The northern water snake is frequently seen basking on rocks, branches, or stumps, both during the day and at night. Because of this, they prefer to dwell in relatively still, slow-moving waters near places where they can bask in the sun to stay warm. However, any slight disturbance or threat will make them quickly retreat into the water and swim away.
What Do Water Snakes Eat?
Water snakes are scavengers and carnivores that eat a wide variety of prey items. Northern water snakes are known to swallow their prey alive, using their senses of smell and sight to hunt. The primary diet of water snakes is made up heavily of fish and amphibians. They have also been recorded eating some species of frogs, toads, and tadpoles. These snakes are also known to eat worms, salamanders, leeches, crayfish, and several small fish, birds, and mammals.
Do Northern Water Snakes Have Any Predators?
The northern water snake falls prey to many animals, including mammals, birds, large fishes, foxes, skunks, raccoons, and turtles.

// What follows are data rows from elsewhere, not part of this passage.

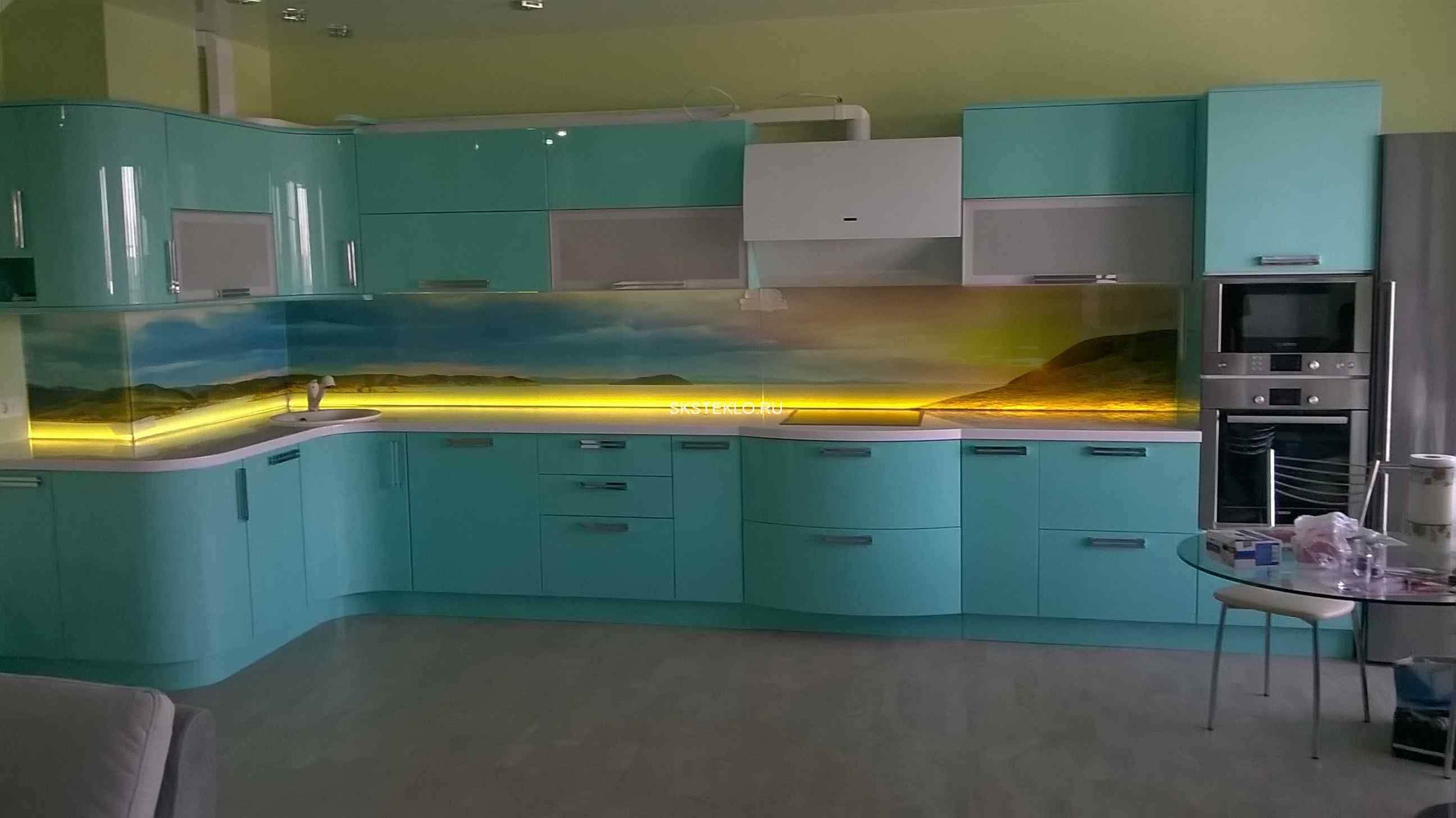 Стеклянный фартук с подсветкой
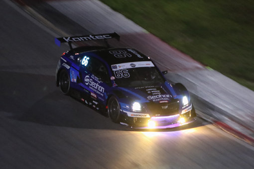 장현진이 11일 인제 스피디움에서 나이트 레이스로 열린 캐딜락 6000 클래스 5라운드 결승에서 선두로 질주하고 있다. 사진제공|CJ슈퍼레이스
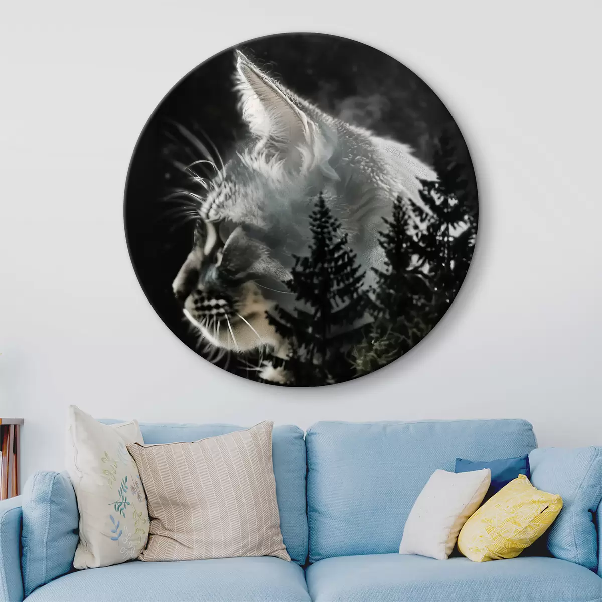 Tableaux rondes Chat avec des arbres de Noël r39028
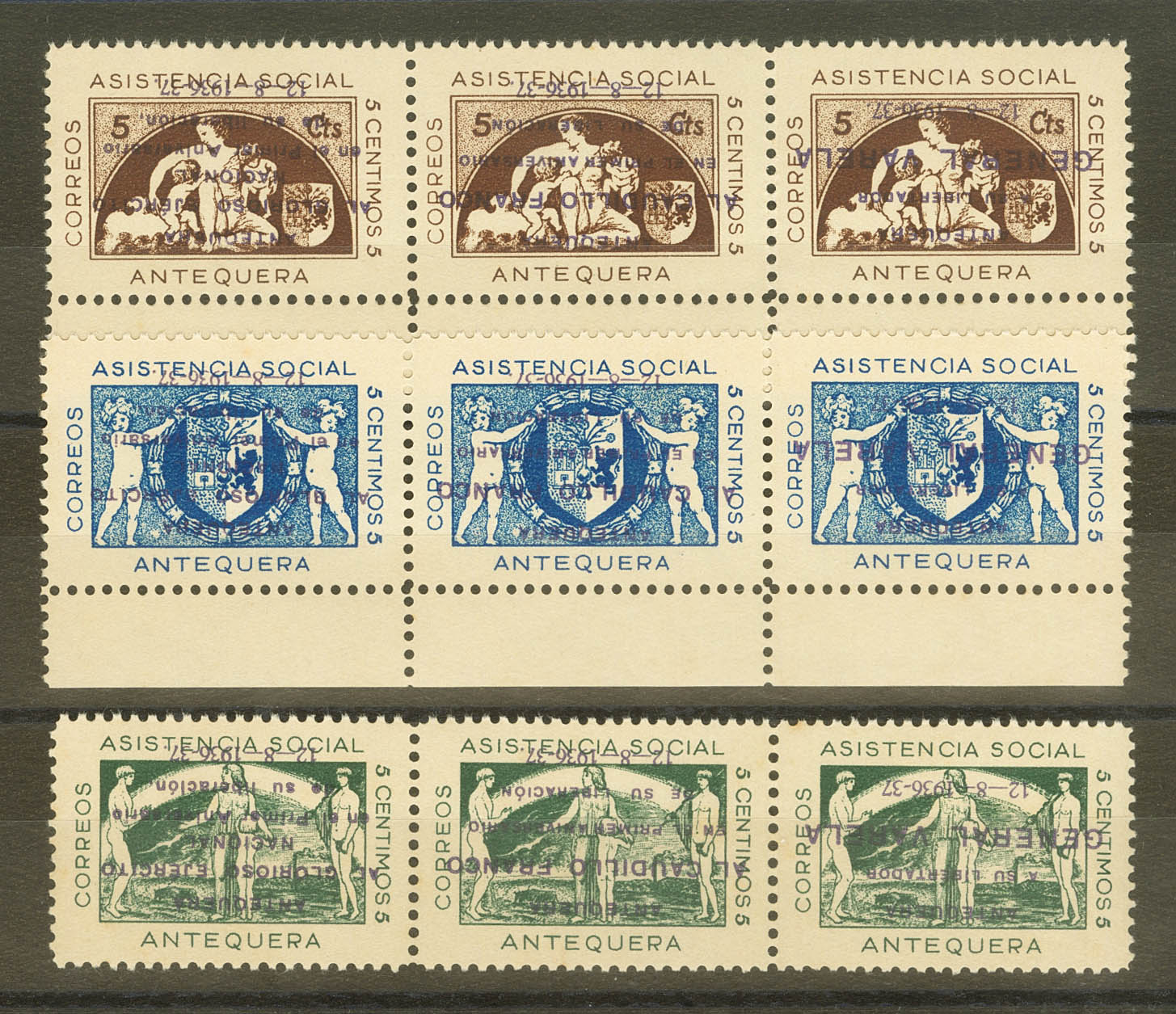 ★★1937. Complete series, in triptychs with the three types of overload. ANTEQUERA (MALAGA). MAGNIFICENT AND RARE.

It is also preyed on by other snakes such as the eastern rat snake and northern black racer. Humans are its larger predators, though this snake can become fierce and aggressive when attacked by humans. They also release a foul-smelling musk from glands at the base of their tail, and may sometimes release excrement to discourage predators.
Do Northern Water Snakes Bite?
Water snakes bite but are generally non-venomous species. They are not considered dangerous to humans. Yet, when threatened or captured, these snakes are known to flatten their bodies and bite! The northern water snake will defend itself by biting repeatedly. Larger individuals are known to inflict painful bites on victims. Their saliva contains a substance that inhibits blood coagulation, which can cause the bite to bleed more profusely. However, this poses a limited risk to humans as the possibility of fatality is extremely low, or perhaps nonexistent.
What to do When Bitten by a Northern Water Snake?
Bites by northern water snakes are not expected to cause medically significant effects because they don’t produce any fatal venom. So, if you suspect that you’ve been bitten by a northern water snake, seek the right first aid treatment, according to the Clinical Toxinology Resources. Remain calm until you’re seen by a medical professional to check for infection and your tetanus immune status. It is always advisable to seek medical care as quickly as possible if you develop local symptoms that may suggest secondary infection.